Reddit Community Engagement Analysis

Python | Pandas | Matplotlib | Seaborn | Scikit-learn

Analyzed 4.5 million Reddit posts across 35 topic tags to find which topics consistently drive engagement, which high-volume topics are wasting posting effort, and what separates high-scoring posts from low-scoring ones.

The Short Version

4.5 million Reddit posts. Median score of 2. 90% of all posts score 8 or below.

Most content gets almost no reaction — but the distribution is not random. Specific topics consistently outperform others, and the gap is not explained by how much people post. Some of the most posted topics are among the weakest performers.
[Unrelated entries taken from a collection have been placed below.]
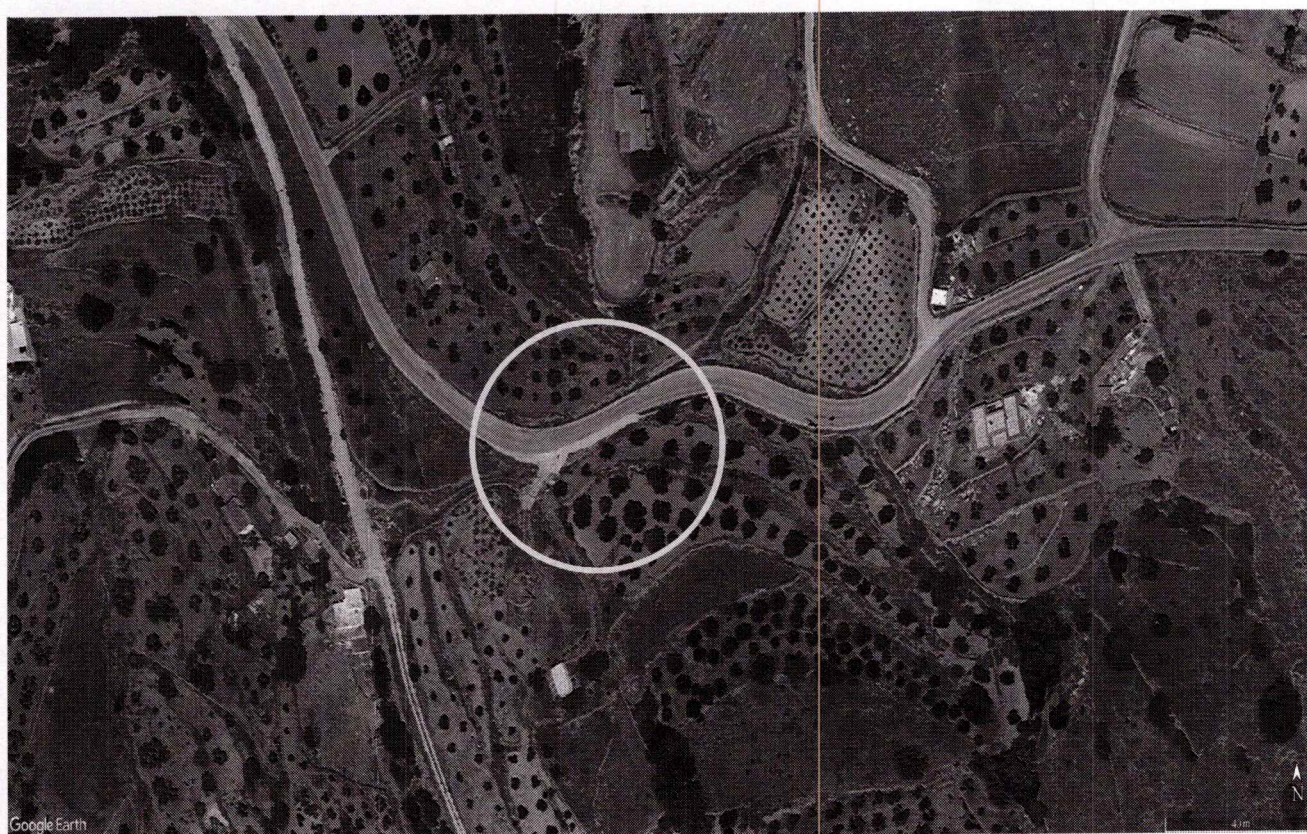
Φωτογραφία 2: Αεροφωτογραφία της θέσης του Τοίχου αντιστήριξης στο περιφερειακό Κώστου προς Υστέρνη
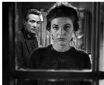
1964 LE MANGEUR DE CITROUILLES (The Pumpkin Eater) de Jack Clayton avec Peter Finch
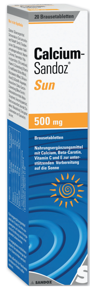
Calcium Sandoz Sun 20 Brausetabletten

3,25 € gespart AAP 1 8,20 € 4,95 € 100 g = 33,00 €
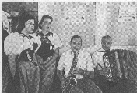
Unsere «Home»-Kapelle «Bärnerstörn». – Notre petit orchestre champêtre «Bärnerstörn».
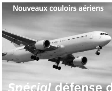
Nouveaux couloirs aériens
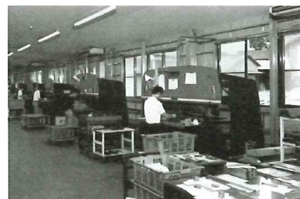
▲ベンダーによる折曲作業。 技術水準はトップレベル
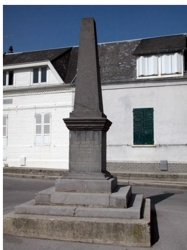
Le monument Parmentier, sur la place éponyme. IVR22_20058003662NUCA
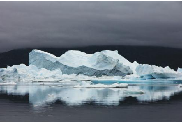
9 © Ulrike Crespo
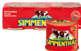
SIMMENTHAL CARNE 3 X 90 GR
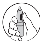
2. Tommelfingeren på knappen
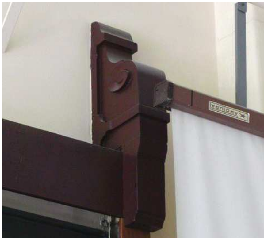
Fot. 20. Ściana czołowa – głowica elementu konstrukcyjnego tablic – widok z lewej (wzór do odtworzenia)
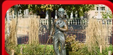
ชาร์ลี แชปลิน
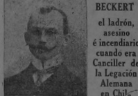
BECKER el ladrón, asesino incendiario, el Canciller de la Legación Alemana en Chile.
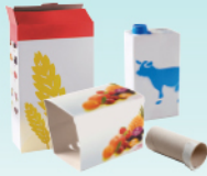
Les emballages cartonnés
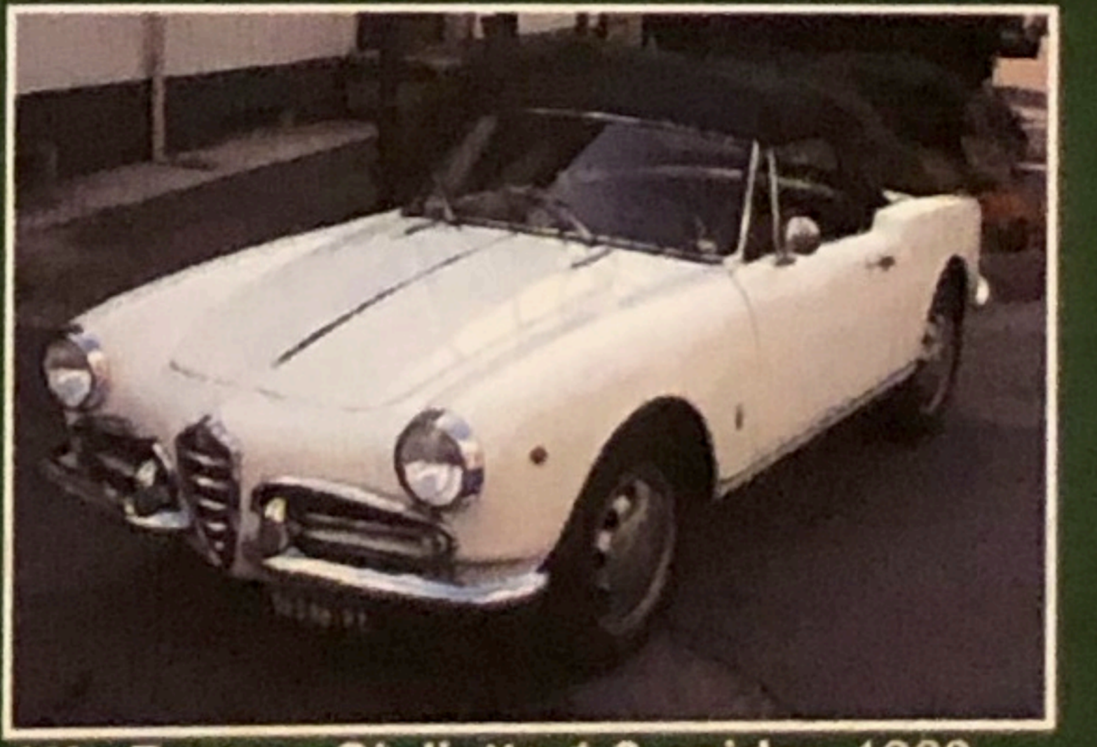
Alfa Romeo Giulietta 1.3 spider, 1960, omologata ASI, targhe, documenti originali

This analysis builds a framework to separate topics worth investing in from topics where posting effort is being wasted — and shows that engagement depends more on how something is written than what topic it falls under.

The Core Problem

Community platforms optimise for volume — more posts, more topics, more activity. But volume without engagement is just noise.

Tags like Work and Games are among the most posted topics in this dataset. They are also among the lowest scoring. Meanwhile, Photography and Nature have a fraction of the posts but consistently stronger reactions.

For any platform trying to improve time-on-site, feed quality, or creator retention — knowing which topics actually drive engagement versus which ones just drive posting volume is the difference between a growing community and a stagnant one. Improving engagement even slightly in high-volume, low-performing tags can significantly increase total platform activity without adding any new content volume.

The Main Chart — 4-Quadrant Topic Framework

Every tag with 500+ posts plotted by volume vs engagement. This single chart tells the whole story.

Quadrant	Tags	What It Means
High Volume + High Engagement	Teenage, Gender, College	Best performers — post a lot, react a lot. Prioritise these.
High Volume + Low Engagement	Work, Games, TV, Social	Most wasted effort — tons of posts, weak reactions. Needs rethinking.
Niche + High Engagement	Photography, Nature, Treatment	Small but loyal audiences. Growth opportunity.
Low Volume + Low Engagement	Hardware, Conversation, Laptops	Lowest priority — not much happening here.

What the Data Shows

Most posts get almost no attention

The score distribution is extremely skewed. Median score is 2, mean is 6.2 — pulled up by a small number of viral posts. Using the mean to compare tags is misleading. This analysis uses median and IQR throughout.

Tag rankings change when you use the right metric

Ranking by mean score puts Teenage at the top. But the median for almost every tag is 2. The real difference between tags shows up in IQR — some tags produce more high-scoring posts than others, even though the typical post scores the same across all tags.

Tags with fewer than 500 posts were filtered out to keep rankings reliable.

Tag	Posts	Mean Score	Median	IQR
Teenage	20,541	10.58	2.0	3.0
Gender	10,341	8.68	2.0	4.0
International	7,653	8.32	2.0	4.0
Nature	4,842	8.06	2.0	3.0
Photography	2,215	8.03	2.0	2.5

Some tags are consistent, others are unpredictable

Gender and International have wide score spreads — some posts do very well, most do not. Work and TV are tight and consistently low — they do not produce breakout posts.

A wide spread means the topic has potential but execution matters. A narrow low spread means the topic just does not generate engagement regardless of how it is written.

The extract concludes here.